Source material.
◇ ◇ ◇ ◇ ◇

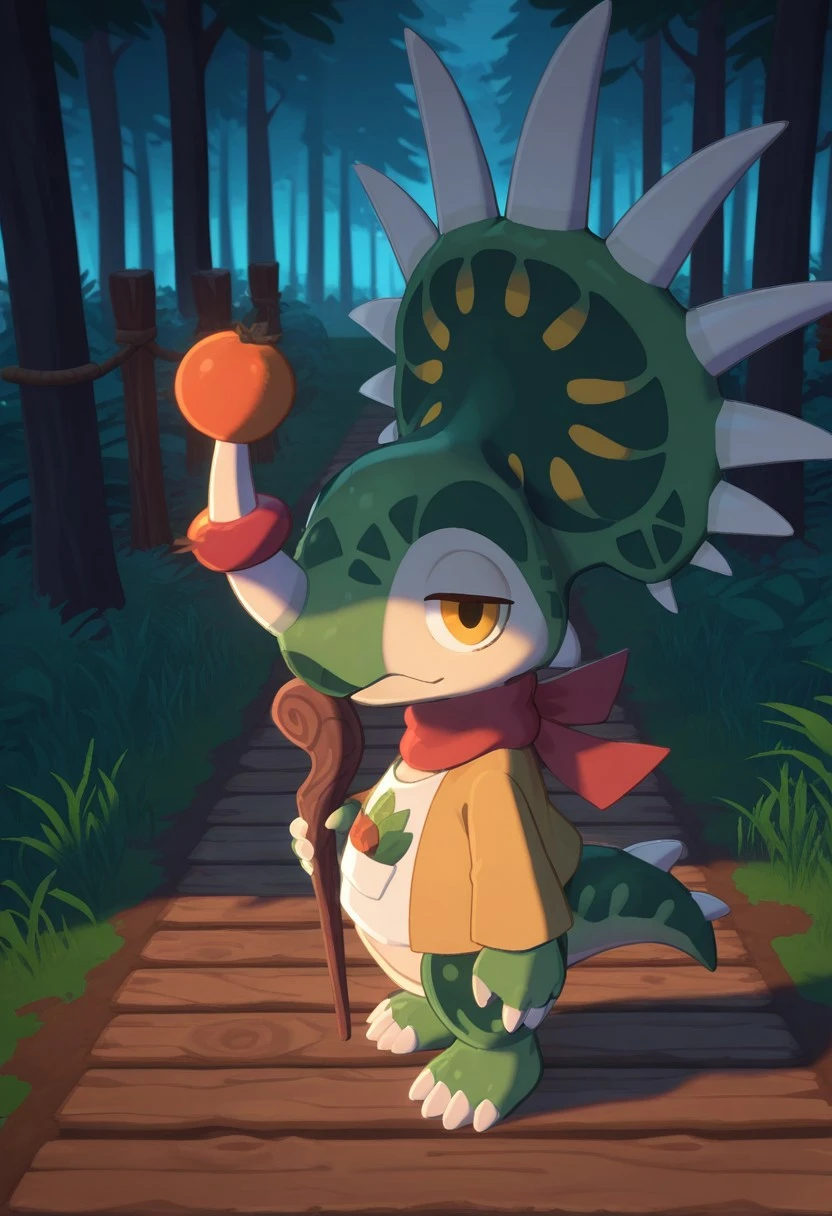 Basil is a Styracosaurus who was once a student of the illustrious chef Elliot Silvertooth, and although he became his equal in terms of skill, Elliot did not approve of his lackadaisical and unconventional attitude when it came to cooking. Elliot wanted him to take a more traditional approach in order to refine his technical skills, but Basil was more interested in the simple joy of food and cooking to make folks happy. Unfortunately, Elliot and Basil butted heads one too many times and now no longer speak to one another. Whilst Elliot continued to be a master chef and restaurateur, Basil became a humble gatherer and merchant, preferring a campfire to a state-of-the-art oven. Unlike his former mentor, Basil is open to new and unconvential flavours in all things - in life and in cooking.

◇ ◇ ◇ ◇ ◇

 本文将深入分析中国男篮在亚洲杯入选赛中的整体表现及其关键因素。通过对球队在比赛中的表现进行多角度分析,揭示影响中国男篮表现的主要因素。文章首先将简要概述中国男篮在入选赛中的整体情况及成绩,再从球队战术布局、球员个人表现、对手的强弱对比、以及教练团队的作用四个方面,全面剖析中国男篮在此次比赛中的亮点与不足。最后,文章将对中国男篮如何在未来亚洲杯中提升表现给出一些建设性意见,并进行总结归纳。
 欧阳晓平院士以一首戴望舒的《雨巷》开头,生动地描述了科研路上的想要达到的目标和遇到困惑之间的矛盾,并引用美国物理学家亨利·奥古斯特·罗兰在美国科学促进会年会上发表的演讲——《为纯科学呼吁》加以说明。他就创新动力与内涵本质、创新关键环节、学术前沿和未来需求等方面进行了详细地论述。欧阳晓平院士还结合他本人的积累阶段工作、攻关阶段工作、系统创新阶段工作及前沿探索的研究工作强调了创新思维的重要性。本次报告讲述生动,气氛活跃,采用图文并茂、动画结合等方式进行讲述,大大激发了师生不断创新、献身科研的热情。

◇ ◇ ◇ ◇ ◇

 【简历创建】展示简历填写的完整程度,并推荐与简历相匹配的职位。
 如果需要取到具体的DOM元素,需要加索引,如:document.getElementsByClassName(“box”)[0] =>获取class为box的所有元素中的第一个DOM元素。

◇ ◇ ◇ ◇ ◇

Work task. Scan the listing above for the line that has "本文将深入分析中国男篮在亚洲", then copy exactly from that line through the line that has "欧阳晓平院士以一首戴望舒的《".

Answer for this exercise.
 本文将深入分析中国男篮在亚洲杯入选赛中的整体表现及其关键因素。通过对球队在比赛中的表现进行多角度分析,揭示影响中国男篮表现的主要因素。文章首先将简要概述中国男篮在入选赛中的整体情况及成绩,再从球队战术布局、球员个人表现、对手的强弱对比、以及教练团队的作用四个方面,全面剖析中国男篮在此次比赛中的亮点与不足。最后,文章将对中国男篮如何在未来亚洲杯中提升表现给出一些建设性意见,并进行总结归纳。
 欧阳晓平院士以一首戴望舒的《雨巷》开头,生动地描述了科研路上的想要达到的目标和遇到困惑之间的矛盾,并引用美国物理学家亨利·奥古斯特·罗兰在美国科学促进会年会上发表的演讲——《为纯科学呼吁》加以说明。他就创新动力与内涵本质、创新关键环节、学术前沿和未来需求等方面进行了详细地论述。欧阳晓平院士还结合他本人的积累阶段工作、攻关阶段工作、系统创新阶段工作及前沿探索的研究工作强调了创新思维的重要性。本次报告讲述生动,气氛活跃,采用图文并茂、动画结合等方式进行讲述,大大激发了师生不断创新、献身科研的热情。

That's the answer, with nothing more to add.